| THE DATA |
════

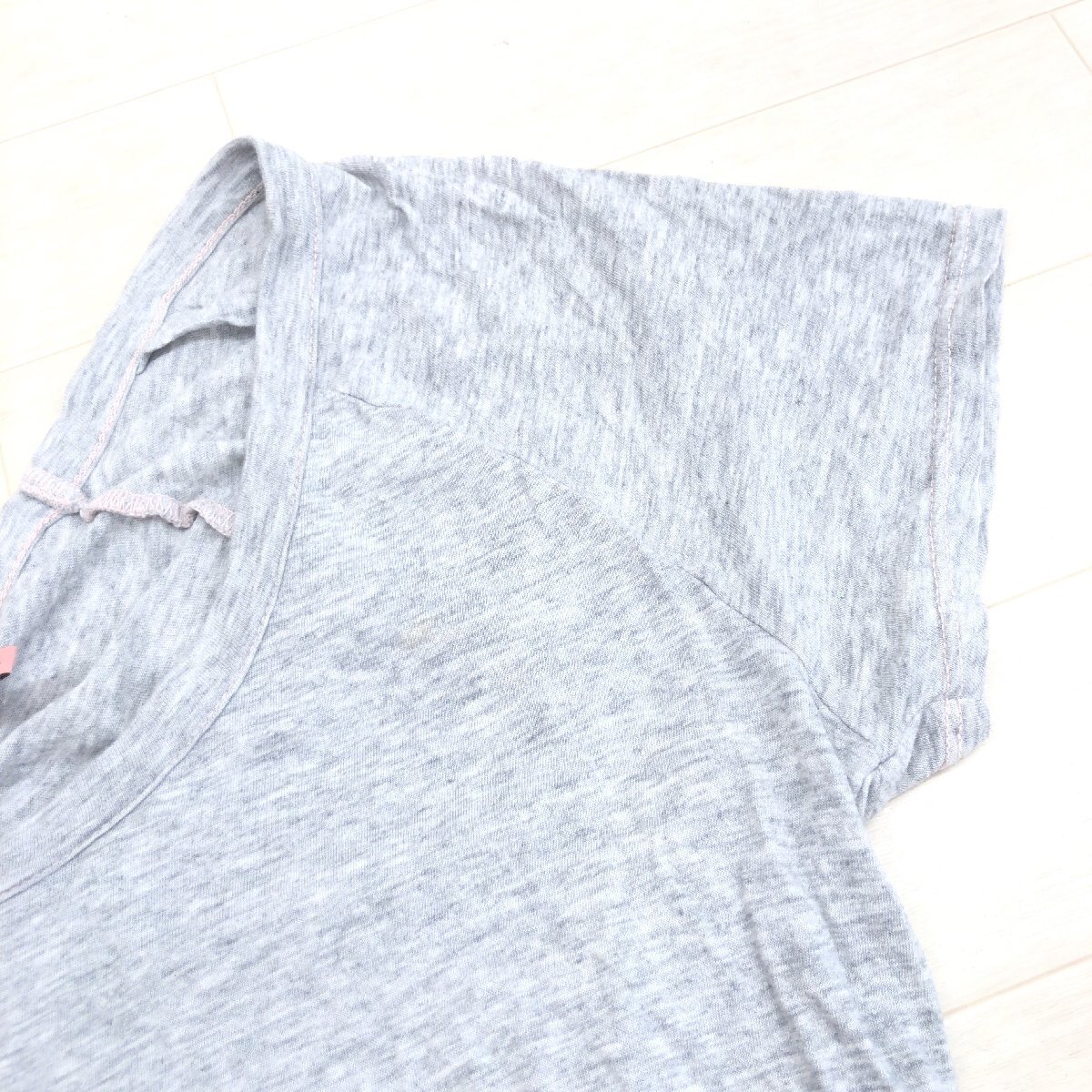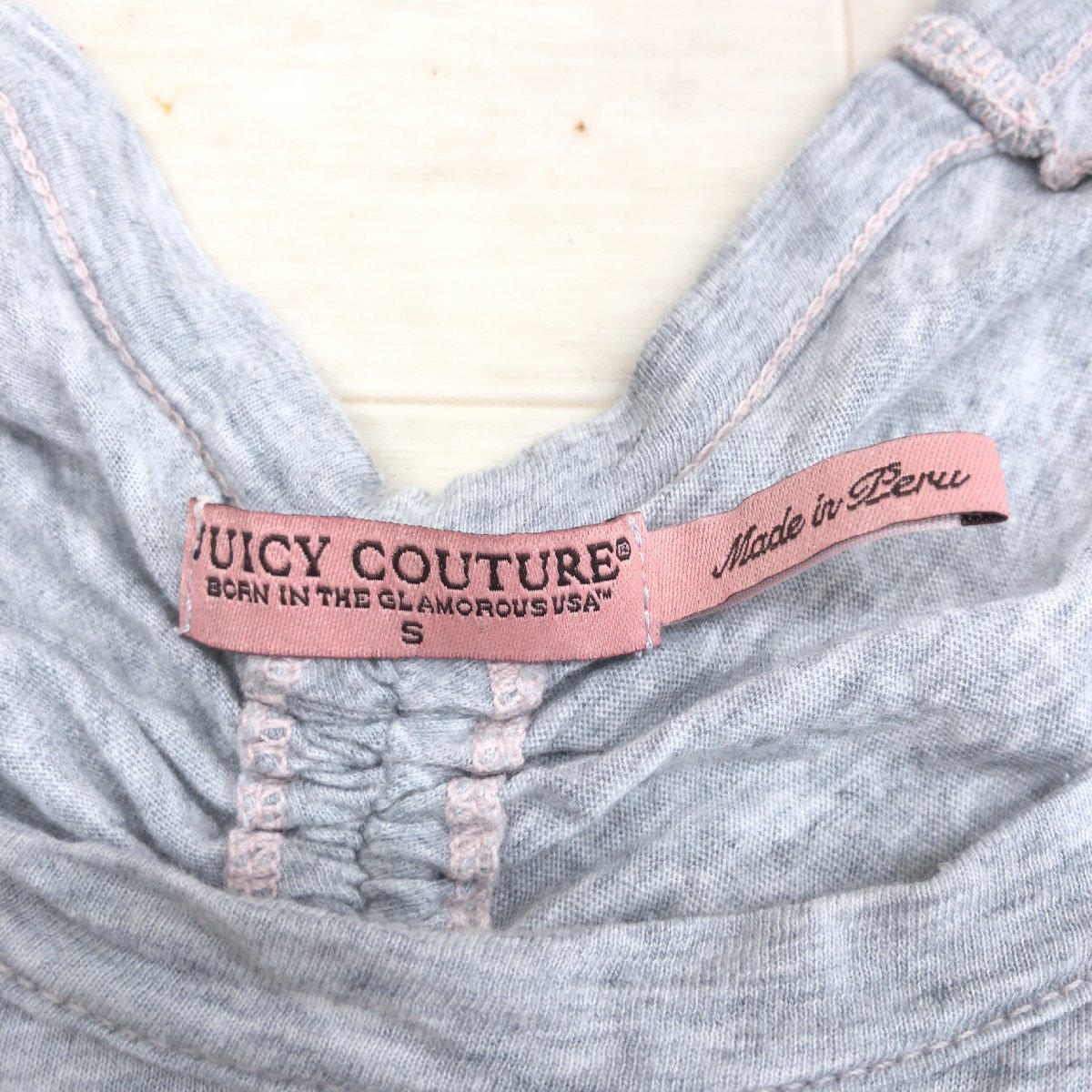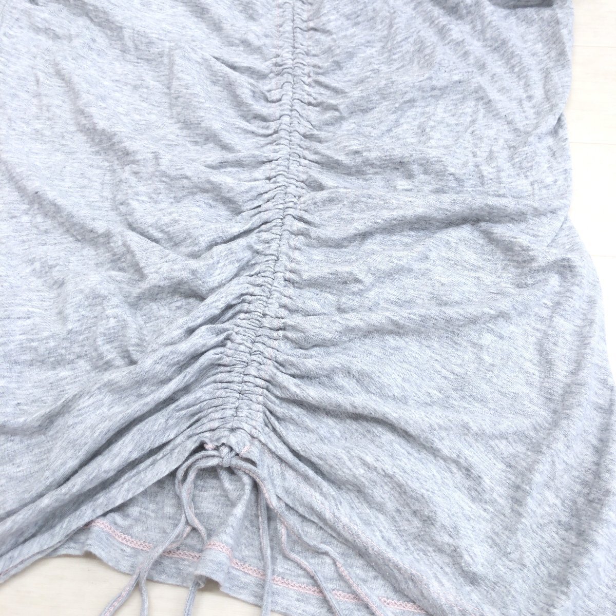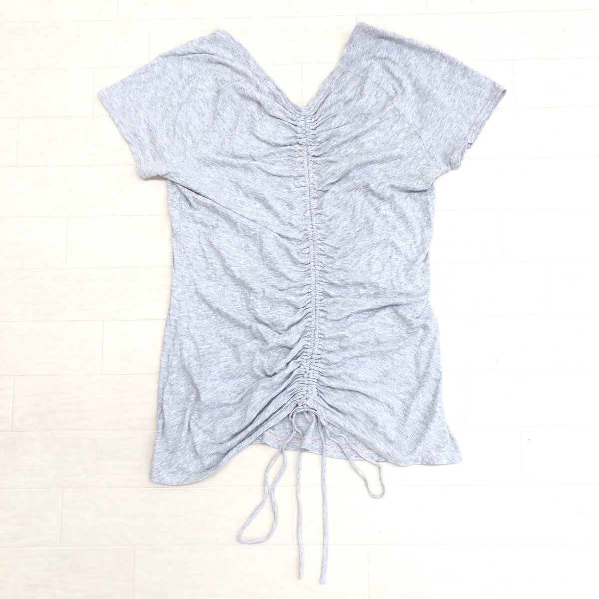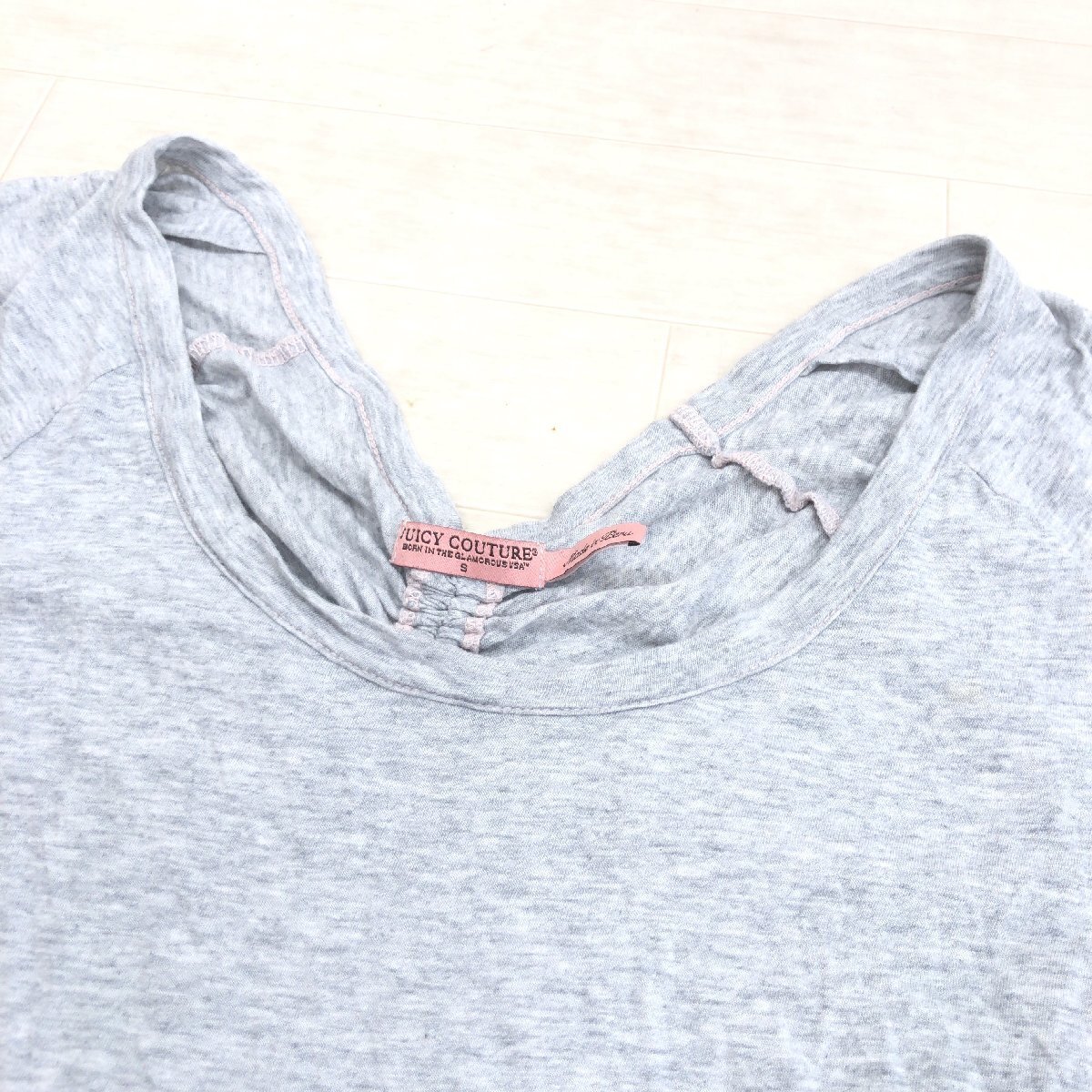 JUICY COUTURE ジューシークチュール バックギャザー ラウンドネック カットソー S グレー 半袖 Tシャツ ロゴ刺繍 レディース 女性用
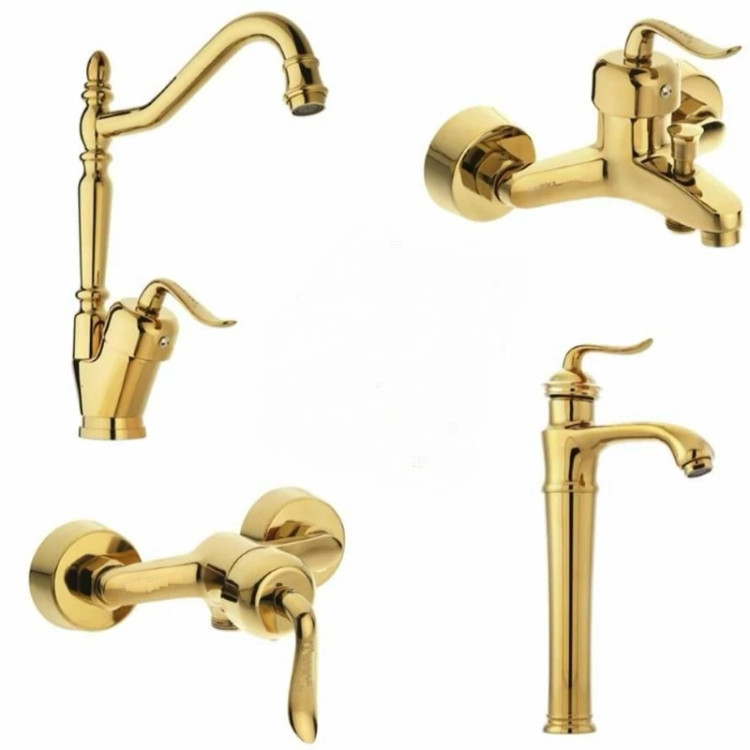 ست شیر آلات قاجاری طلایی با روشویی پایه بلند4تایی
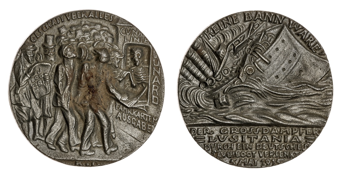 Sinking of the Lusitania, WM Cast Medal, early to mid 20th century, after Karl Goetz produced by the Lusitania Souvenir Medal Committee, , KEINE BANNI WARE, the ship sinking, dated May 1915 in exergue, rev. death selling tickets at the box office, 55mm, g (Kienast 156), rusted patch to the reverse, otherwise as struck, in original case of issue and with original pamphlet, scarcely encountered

════

| WHAT NEEDS TO BE DONE |
Return the listing verbatim, pictures omitted.

| RESULT BELOW |
 JUICY COUTURE ジューシークチュール バックギャザー ラウンドネック カットソー S グレー 半袖 Tシャツ ロゴ刺繍 レディース 女性用
 ست شیر آلات قاجاری طلایی با روشویی پایه بلند4تایی
 Sinking of the Lusitania, WM Cast Medal, early to mid 20th century, after Karl Goetz produced by the Lusitania Souvenir Medal Committee, , KEINE BANNI WARE, the ship sinking, dated May 1915 in exergue, rev. death selling tickets at the box office, 55mm, g (Kienast 156), rusted patch to the reverse, otherwise as struck, in original case of issue and with original pamphlet, scarcely encountered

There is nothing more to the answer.